Rahmetli babamın sık sık kullandığı bir laf vardı. Boyumuzu aşan bir işe kalkıştığımızda ya da çok pahalı bir şeyi istediğimizde "Poposu külde, padişahla kahvaltı ediyor" derdi.

Mesut Özil'in Fenerbahçe'ye transferinin gerçekleşmekte olduğu sık sık basınımızda haber konusu olurken, benim de aklıma bu laf geliyor.

Diğer büyük kulüpler gibi borcu gırtlağını da aşmış olan ve harcama sınırı getirilen Fenerbahçe, camiasında büyük heyecan yaratan Mesut Özil için yüklü miktarda taahhüde girmeye hazırlanıyor.

Şimdi bırakalım Mesut'un kimliğini, Türklüğünü, Alman vatandaşlığını, milli takım için zamanında Türkiye yerine Alman Milli Takımı'nı tercih etmesini... Olaya futbol açısından bakalım.

- Mesut 33 yaşında. Fenerbahçe ile sözleşmesinin 3.5 yıllık olacağı söyleniyor. Bu demektir ki Mesut 37 yaşına girdiğinde hala Fenerbahçe'de futbol oynayacak!

- Yıllık 3.5 milyon euro net para alacağı ileri sürülüyor.

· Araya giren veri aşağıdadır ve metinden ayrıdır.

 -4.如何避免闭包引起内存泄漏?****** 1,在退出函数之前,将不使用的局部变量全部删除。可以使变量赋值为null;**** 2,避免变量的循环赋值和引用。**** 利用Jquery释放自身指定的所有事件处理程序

Ancak primleri ve bonuslarının bir hayli yüksek olacağı belirtiliyor. Bir de imza parası ödeneceği bildiriliyor. Bu da milyonlarca euro demek. Maliyeti yıllık 10 milyon euroya yakın olacak demek ki... Eviydi, arabasıydı gibi ekstralar da eklendiğinde varın siz düşünün gerisini.

- Mesut, bu yıl Arsenal'de hiç forma giymemiş. Geçen sezon ise oynadığı lig maçı sayısı 18. Arsenal böylesine bir yıldıza para verirken neden oynatmamış acaba? Bir de uzun süredir futbol oynamayan birisi bu sezon için ne kadar yararlı olabilir?

- Transfermarkt'a göre Mesut'un bonservis bedeli değeri 5 milyon euroya kadar inmiş. Hem sözleşmesi de sezon sonunda bitiyor. Yani zaten serbest kalıyor. Sezon sonunda serbest kalacak olan bir yıldıza nasıl oluyor da şimdiye kadar hiçbir Avrupa kulübü talip olmuyor!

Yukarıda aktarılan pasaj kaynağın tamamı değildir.